The SCLC’s former chairman, Rev. Raleigh Trammell, and former treasurer Spiver Gordon have been asked by the group’s board of directors to explain the expenditures by Friday.
Board member Art Rocker said the questionable expenditures by Trammell, in Dayton, Ohio, and Gordon, in Eutaw, Ala., could exceed the $569,000 already in question. There are at least two SCLC bank accounts set up by Gordon that the organization cannot access.
“We don’t know how much money has [gone] through there,” Rocker said.
Acting chairwoman Sylvia Tucker said some SCLC leaders first had questions about the organization’s money when a former board member alleged last summer that as much as $1.4 million of the SCLC’s money had disappeared. She said $569,000 of that has been identified and the review was continuing.
Rocker, chairman of the SCLC’s Florida chapter, said the civil rights group will file suit “against Spiver and Trammell to go after every dime.” No suit had been filed as of Thursday.
At the same time, Rocker said, the group is asking for criminal investigations into the questionable expenditures in Alabama. He said he had already talked with Alabama’s attorney general, Troy King. King’s office could not be reached for comment Thursday morning.

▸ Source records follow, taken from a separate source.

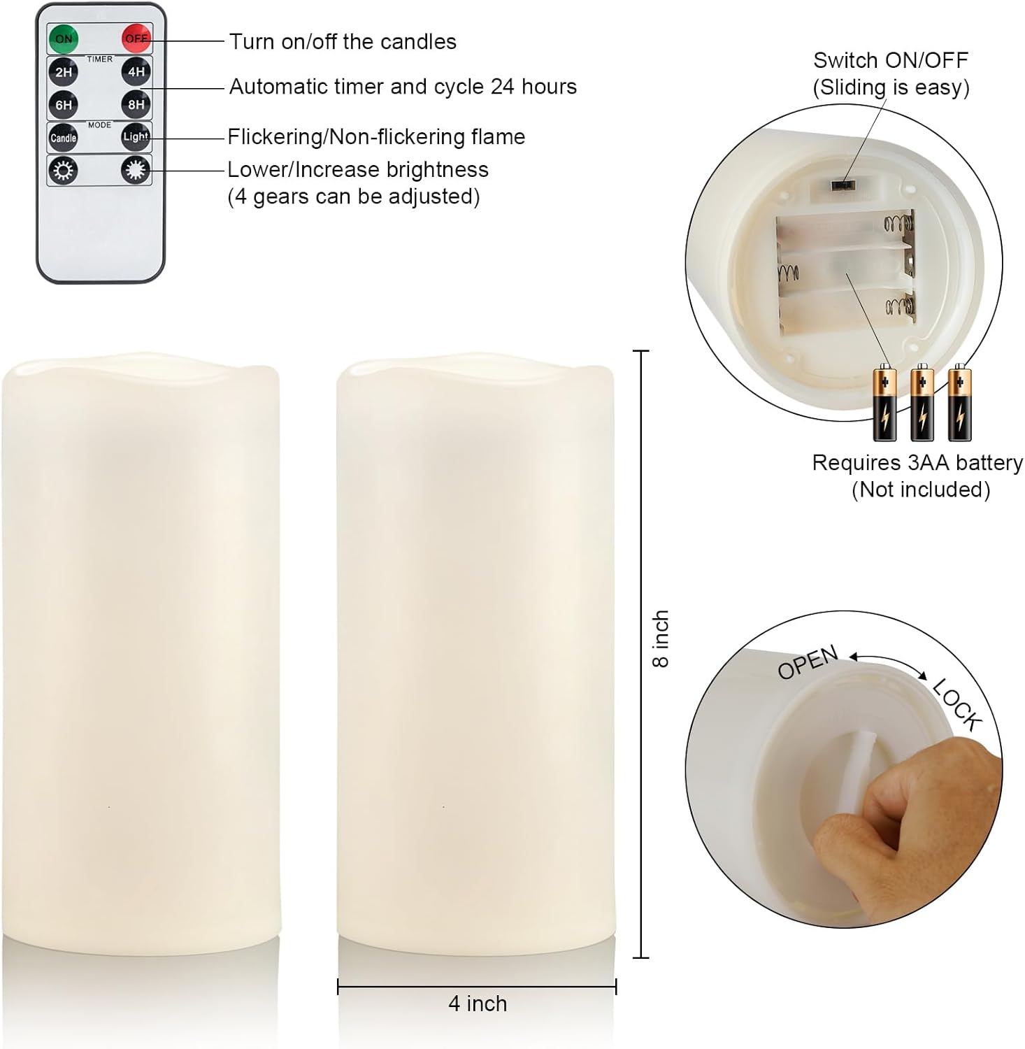 - Package Include 2x large outdoor candles (8โ in height, 4โ in diameter), 1x Remote Control, which are better using inside the indoor or outdoor lanterns. Please donโt soak them in water because prolonged soaking will invalidate the waterproof function.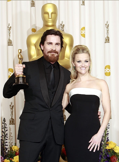 Christian Bale získal Oscara jako nejlepší herec ve vedlejší roli. Po jeho levici Reese Witherspoon, Zdroj: youtube.com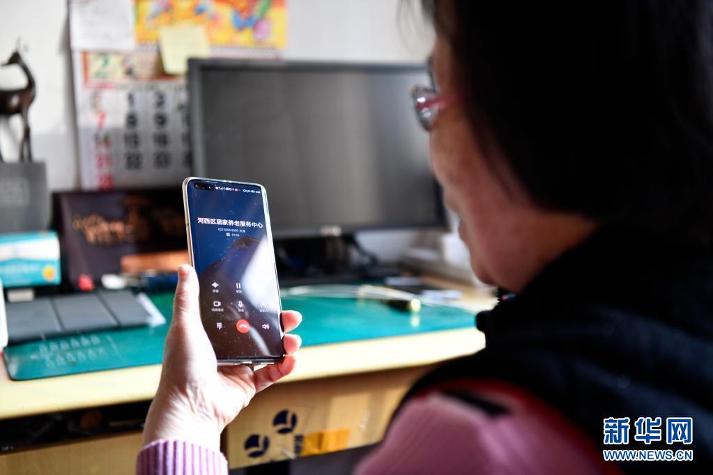 家住天津市河西區(qū)桃園街道的獨(dú)居老人在體驗(yàn)居家養(yǎng)老服務(wù)的智能外呼系統(tǒng)(2月9日攝)。新華社記者 趙子碩 攝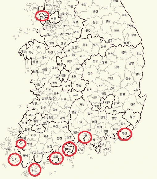 제주도에 가는 배를 탈 수 있는 곳은 8곳이 있다.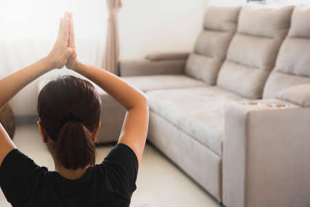 Woman do yoga relax indoor. Woman exercising pose vital and meditation for fitness lifestyle. Healthy and Yoga Concept

A spokeswoman for King said the office did not confirm or comment on any pending investigations.
When contacted by the AJC, Trammell refused to discuss the allegations. Gordon did not respond to requests for a comment.
The two men were dismissed Dec. 21 for “possible mismanagement” of organizational funds, according to news accounts and documents given to the AJC. Reports published two days later quoted Trammell as saying he had not been dismissed but had stepped aside for the duration of the investigation. Gordon has not commented publicly.
Then on Dec. 28, supporters of the two men filed suit in Fulton County — where the SCLC is based — asking a court to determine whether Trammell’s and Gordon’s removals violated the SCLC’s constitution. A hearing on the suit is scheduled for Tuesday in Fulton Superior Court.
“It’s been very difficult and it’s been very sad,” said Tucker, the acting chairwoman and a minister in Virginia. “It’s just sort of unbelievable that the greatest organization in the world… would ever have to be dealing with such matters as this. We are trying to do everything correct and in the Christian way.”
Rev. Martin Luther King Jr. founded the organization in 1957 to coordinate protests calling for an end to public segregation and for civil rights of African-Americans. But in the decades since, the SCLC has endured scandals, legal struggles and internal dysfunction.
The board’s internal investigation into the most recent issue has just begun.
New Orleans attorney Randal Gaines, a board member, has been tasked with tracking the money. Gaines sent letters dated Jan. 5 to Trammell and Gordon, asking them to account for several expenditures within 10 days.
Memos and transcripts obtained by the AJC provide details of spending that led to the internal investigation.
The records — produced by several SCLC officials — indicate the men wrote checks to themselves, paid for funeral expenses and credit card and insurance bills, and sent money to their individual chapters and their special projects. None of those expenditures had board approval, Rocker said.